DeRyan’s art, which she calls “fish rubbing,” or gyotaku, as it is known in Japan, originated in the 1700s as a form of preserving bragging rights after a fisherman landed a trophy catch. The rubbings are made by first preparing the fish – laying it out, splaying the fins – then dousing its length and width with ink.
After that, DeRyan presses mulberry paper, a silk sheet, or almost any other medium to the inked body of the fish, creating an impression that is uncannily realistic, portraying every single scale, fin and contour of the fish.
“It offers people an opportunity to appreciate the magnificence of fish – underwater creatures we rarely get to experience in such detail,” she said.
The art is easier to appreciate than to practice, said DeRyan, who points out the difficulties of transferring a once-living fish to paper. “You’re taking a three-dimensional object with curves and trying to make it work in two dimensions,” she said.
And “dousing” isn’t quite the right word, either, she added, explaining that just the right amount of ink must be applied to the fish to ensure a perfect impression.

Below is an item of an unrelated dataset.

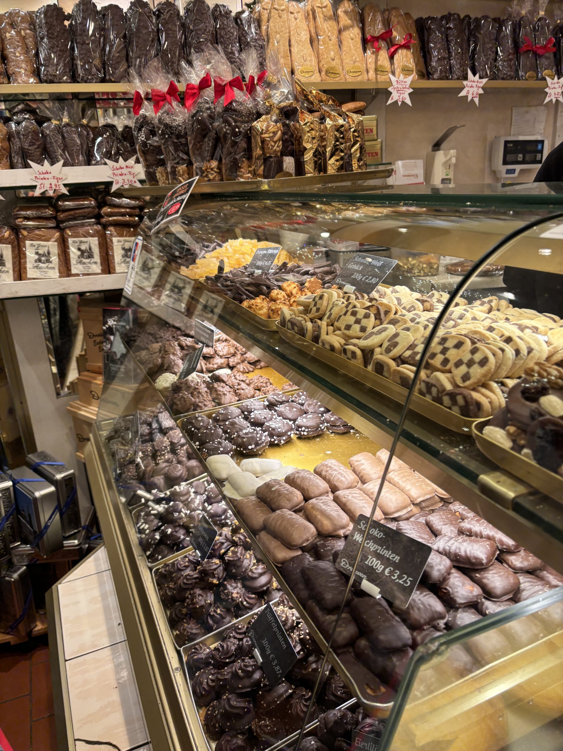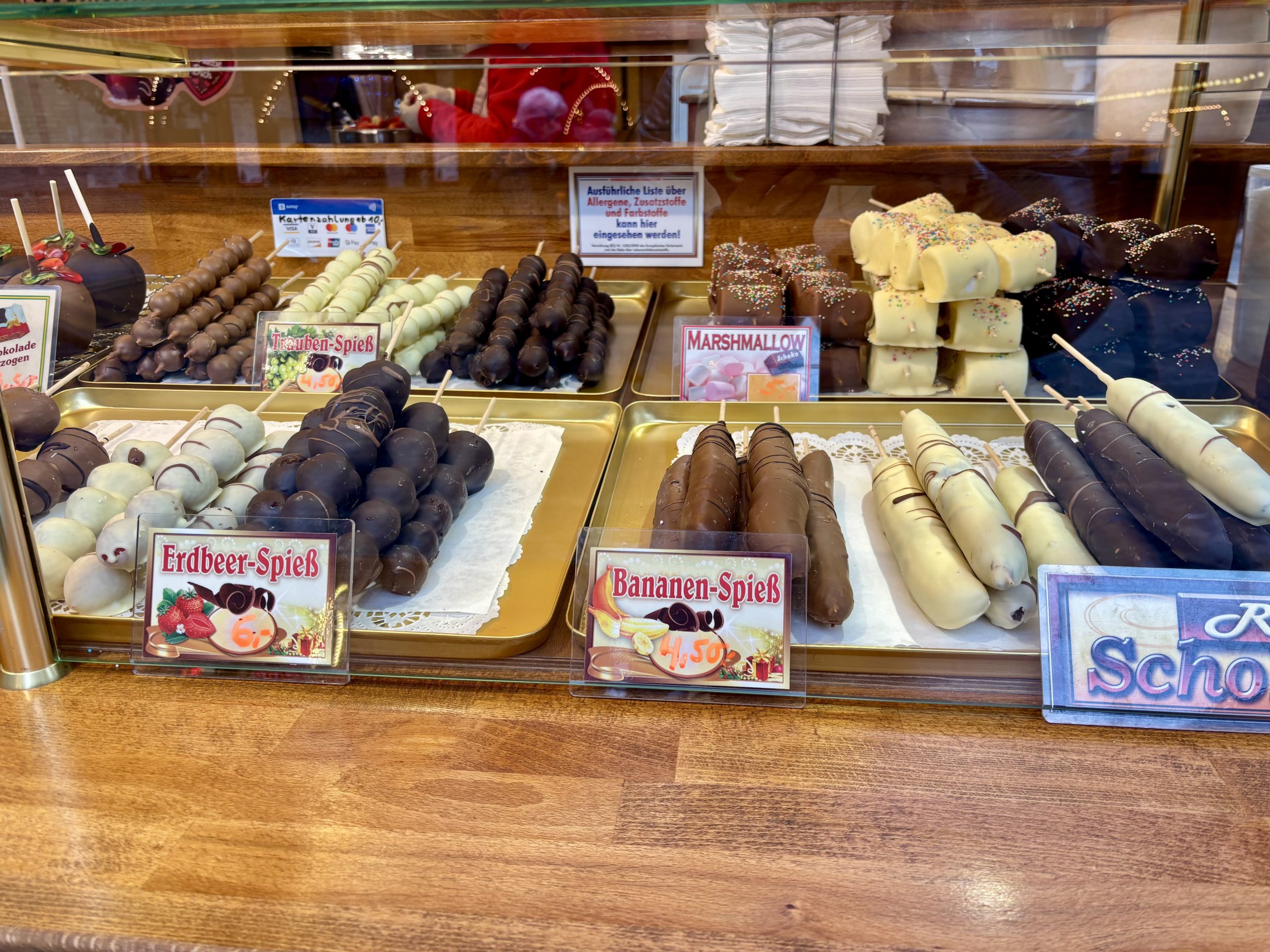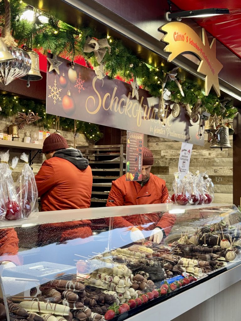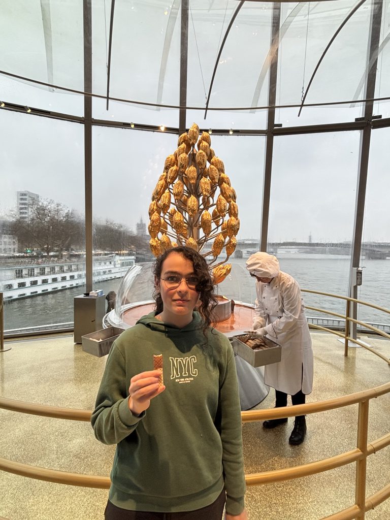 La jeune fille aux Printen (statue). Dégustation et achats de Printen- pains d’épices , grande spécialité d’Aix la Chapelle.

Too much, she said, and the fine features she prides herself on are lost in smudge. Too little, and details are lost to blank spots.
“It takes patience, practice and a love of fish,” she said.

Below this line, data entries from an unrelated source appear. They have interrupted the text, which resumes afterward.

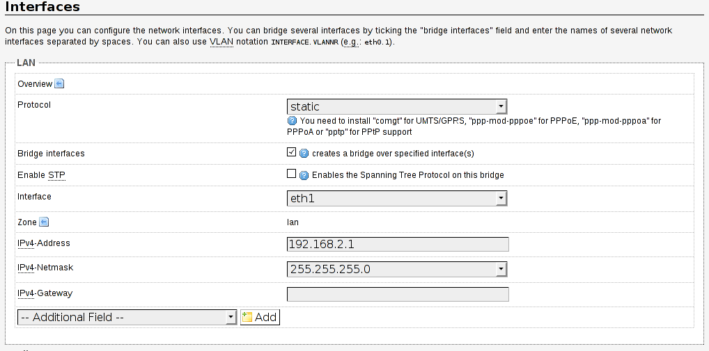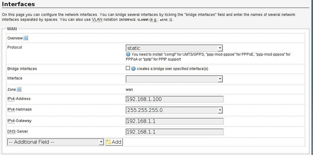 0.d. Ir a Administración -> Network -> Interfaces -> Wan, poner Wan en protocolo “static”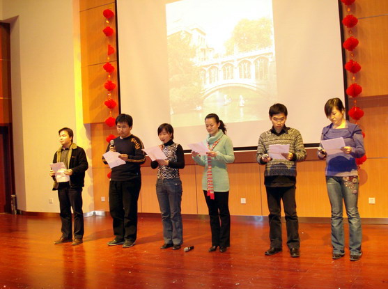 良乡校区2007级新生精心准备了此次新年晚会,他们自编自演的话剧、相声、舞蹈、吉他弹唱,充分展现了宇航学子的风采。焦清介老师和李东光老师表演的京剧《我们是工农子弟兵》,以及分团委老师表演的配乐诗朗诵《再别康桥方言版》,更是将晚会推向了高潮。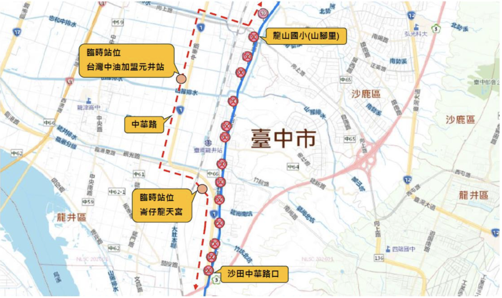 回鑾改道:龍井市區沙田路四段至六段沿路實施改道,營運路線【180沙鹿一彰化】路線調整,改行中華路屆時180路「龍山國小(山腳里)」至「沙田中華路口」暫停靠站,可於臨時站位「台灣中油加盟元井站」、「崙仔龍天宮」搭乘,不便之處,敬請見諒。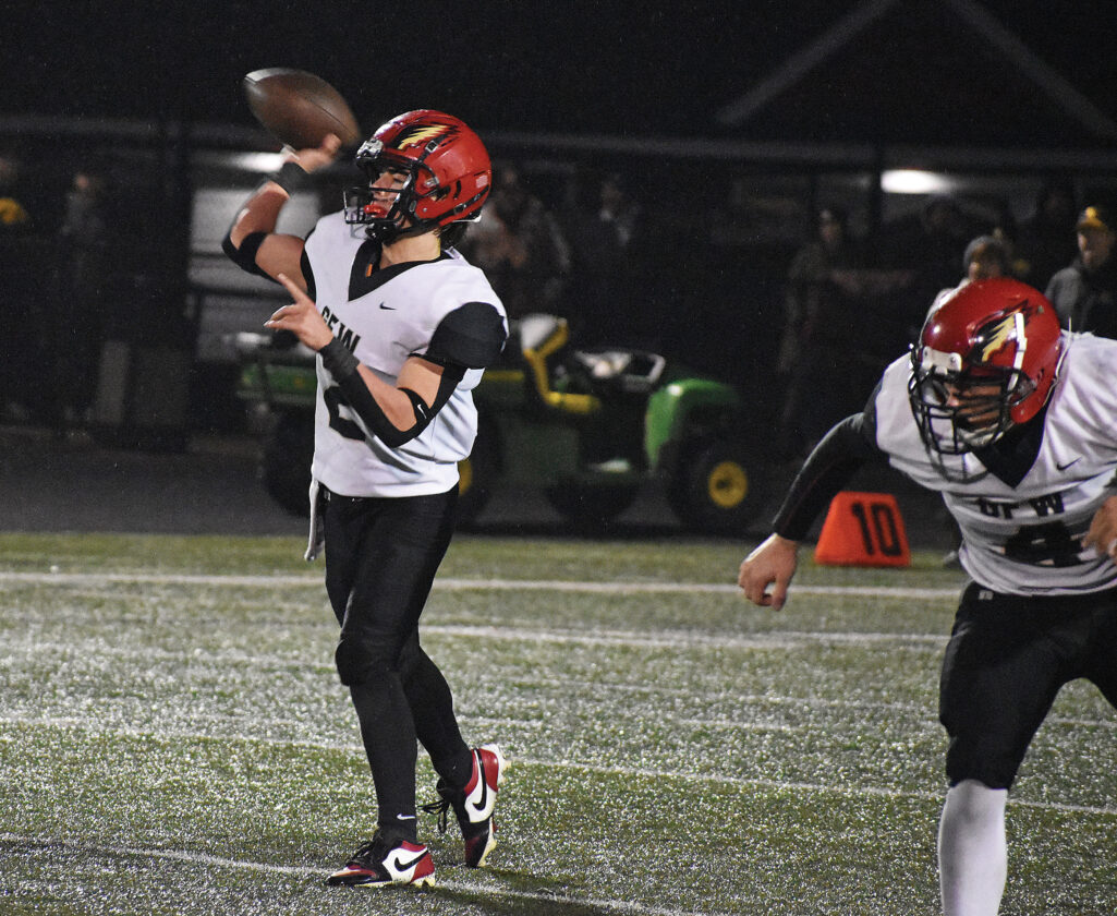 - Staff photo by Ari Selvey Gibbon-Fairfax-Winthrop’s Owen Swenson throws a pass during the Section 2A Football Championship game against Lester Prairie Friday at New Prague High School.

A lifelong lover of fish, DeRyan is an artist, a fisherwoman and a mother who, after a series of life-changing events back home, decided to drop everything and come to Costa Rica.
“I read somewhere it was the second most popular sportfishing destination in the world. That sounded perfect,” she said.
She learned fish rubbing back at home, in her native Canada, beginning with freshwater fish such as cutthroat and rainbow trout.
She met a fishing guide, started an art gallery, and soon her artwork developed into a passion.
When she got off the plane in San José, she came with a half-dozen bags, nearly overflowing with ink, paper and other tools of the trade, she spoke little Spanish, had no idea where to go and nearly got robbed.
She wound up in the southern Caribbean beach town of Puerto Viejo, where, in a broken-English conversation with local fishermen, she first heard about the OsaPeninsula, on the other side of the country on the southern Pacific coast.
“The fishermen I met on the Caribbean told me I had to go to the Osa,” she said.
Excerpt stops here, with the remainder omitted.